Many people also monitor their power use through a small computerized device such as the Cycle Analyst ("CA" everywhere on E-S) or the Watts-up meter. The Cycle Analyst can also measure and limit speed and power use, which can assist in meeting legal requirements.
5. The rider
Your needs/wants likely fall roughly into one of the following categories:
(a) assist power (for higher average speed, help climbing hills) in addition to normal biking with you pedalling
(b) basic medium power, legal (N. America) or not much over (pedalling not necessary, decent speed even up hills)
(c) crazy power, high speed
(a) Assist Power
For assist power, your motor should be minimum 350W (up to 500 nominal), geared (freewheels, so no drag when not using power) or DD okay. Front wheel (+torque arm, always) or back okay. Controller and batteries rated for 36V, at least 15-20A.
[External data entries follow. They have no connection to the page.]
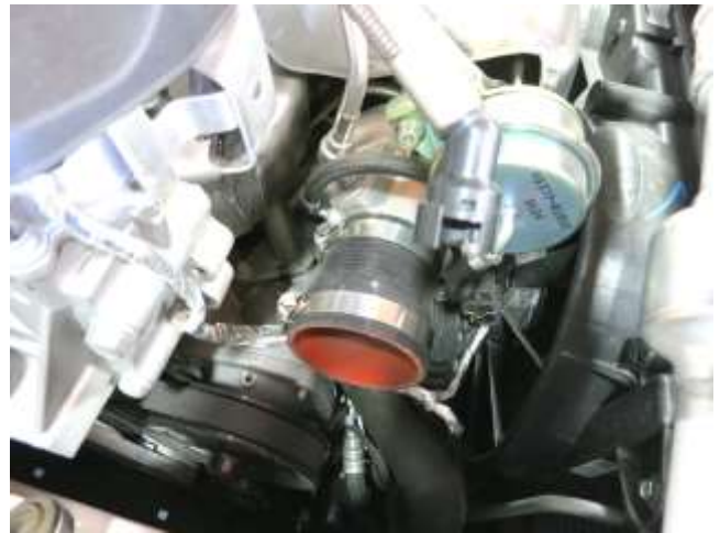
d. Install the hose with clamps onto the turbo compressor inlet as shown.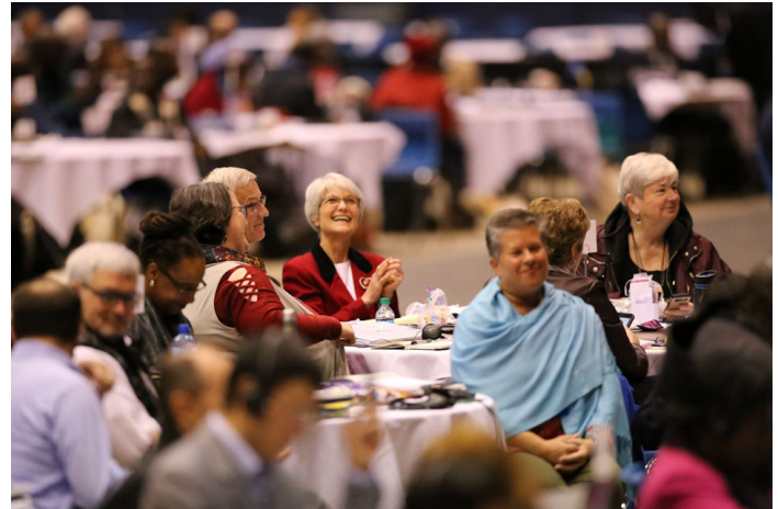
Michigan delegates, seated in the center of the plenary floor, participate in the opening day of prayer on February 23, 2019 in The Dome.

Seven major newspapers across the state published The Michigan Statement on Sunday, March 17. This "letter to our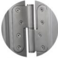
Dismountable S.S Hinges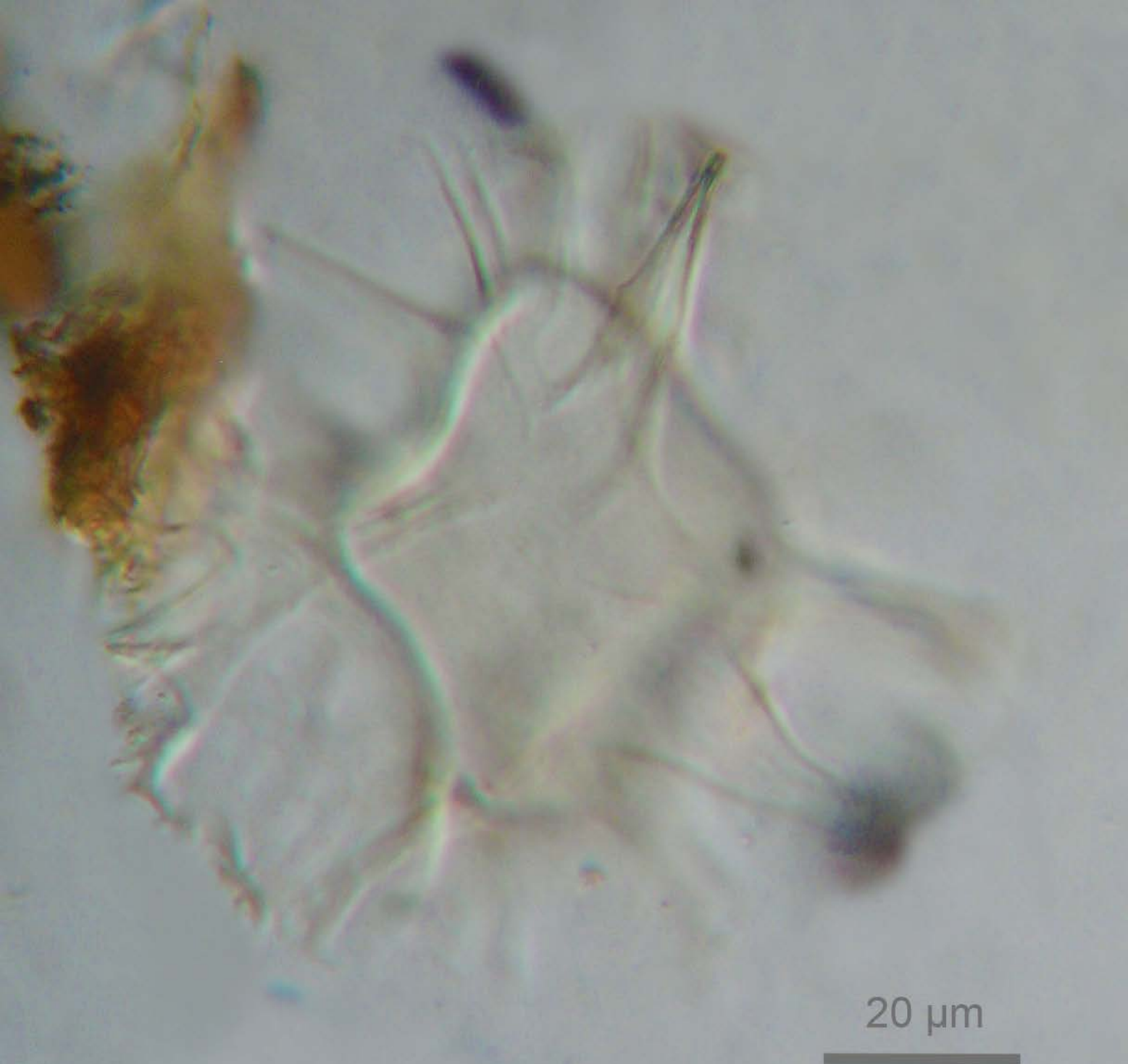
Spiniferites cruciformis Wall & Dale 1973 : Marmara Sea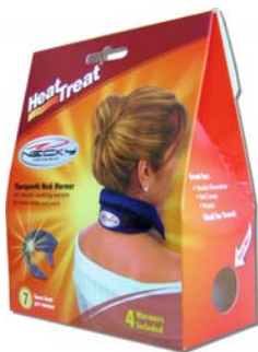
Heat Treat Neck Warmer

First Aid Kits and CPR kits ... Plus Much More!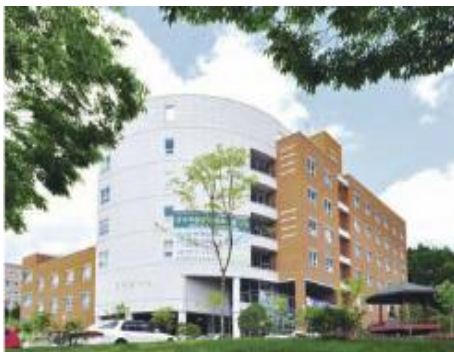
Education Research Institute

The Education Center for Early Childhood was established in 2012 to develop research on early childhood education and support high quality practices of early childhood education out in the field, implementing early childhood education that is appropriate for the future. In 2015, it was selected as the college research institute of humanities and social sciences for promoting various research projects. It provides an opportunity for the children to experience nature through the environmental education program centered around endangered animals, educates the parents on early childhood education and parent education and trains the teachers with customized programs that support early childhood education research and education practice. The Education Center for Early Childhood provides a new paradigm for the future of early childhood education.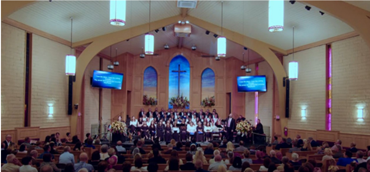
Festive church service

over during the third wave of immigration. The church members and many guests expressed their gratitude to the Lord for the blessings and challenges, trials and concerns, joys and sorrows that the Lord led them through during this entire time. More details... (in Russian only).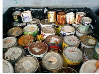
Figure 1-4: HHW Collection

The City holds four HHW collection events annually in four locations in the City in April, June, September and November. Some HHW materials are accepted at the City's Recycling Center including mercury containing devices, non-alkaline batteries, discharged fire extinguishers, fluorescent bulbs, and empty gas canisters. Beyond these materials, should residents have HHW materials they wish to dispose of, they must either store them until a HHW collection event is held or find a private disposal option. It is very likely that in a city with a high proportion of multi-residential dwellings with limited storage space and residents who do not have a car to transport materials easily, hazardous waste is being disposed of in the garbage.

In some countries, lower powers are needed to be legal, can be as low as 250W, 24V, 10-14A. More commonly, use at least 36V and 20A, which will get approximately 20 mph (32 km/hr) on level ground. Go to 48V and 25A to maintain 32 km/hr on small hills and headwinds, or to get better speeds up steep hills.
(b) Medium Power
For medium power, you likely want a DD hub motor, nominal 500W or more. A geared motor is okay if at the lower power end. Front hub is okay, but the back hub motor is preferred if going to higher power. Controllers and batteries rated for minimum 36V, probably 48V, 25A.
(c) High Power
For really high power, almost certainly use a DD motor, almost certainly on the back, probably a Lyen controller. Voltages >> 48V, currents >= 30A. Don't go straight to (c), start with (a) or (b) unless you really know what you are doing.
Full cost to convert a bike is likely to be $500-$1400.
Lower-end kits (not including battery) cost ~$200-$300 shipped. Nicer/higher power kits are about $450-$1000.
Batteries will be $250 to >$500. Example: HobbyKing LiPo, 36V 10Ah, on sale can be ~$200 shipped, but a good charger will be ~$80-$120 and a good power supply for it ~$40-$80. LiFePo4 from Ping, 36V 15Ah is ~$450 shipped, with a 2A charger included. But these numbers are changing fast.
Bottom line is this can only be a guide. Your needs/wants for speed, distance, type of bike, etc. will dictate a lot more details. The group here is great at answering questions.
Basic info links
For a page which covers a similar range of info as above, with pictures and video, see Ypedal's "rant" page: http://www.ypedal.com/rant/rant.htm
2010-12-19 Added HVC, BMS, balancing, "6S2P" etc.; mentioned CycleAnalyst, Watts-up, ebikes.ca simulator; formatted a bit for easier reading.
2011-10-29 Added full-suspension paragraph in bikes section, and added Hyperion EOS 1420i as popular charger.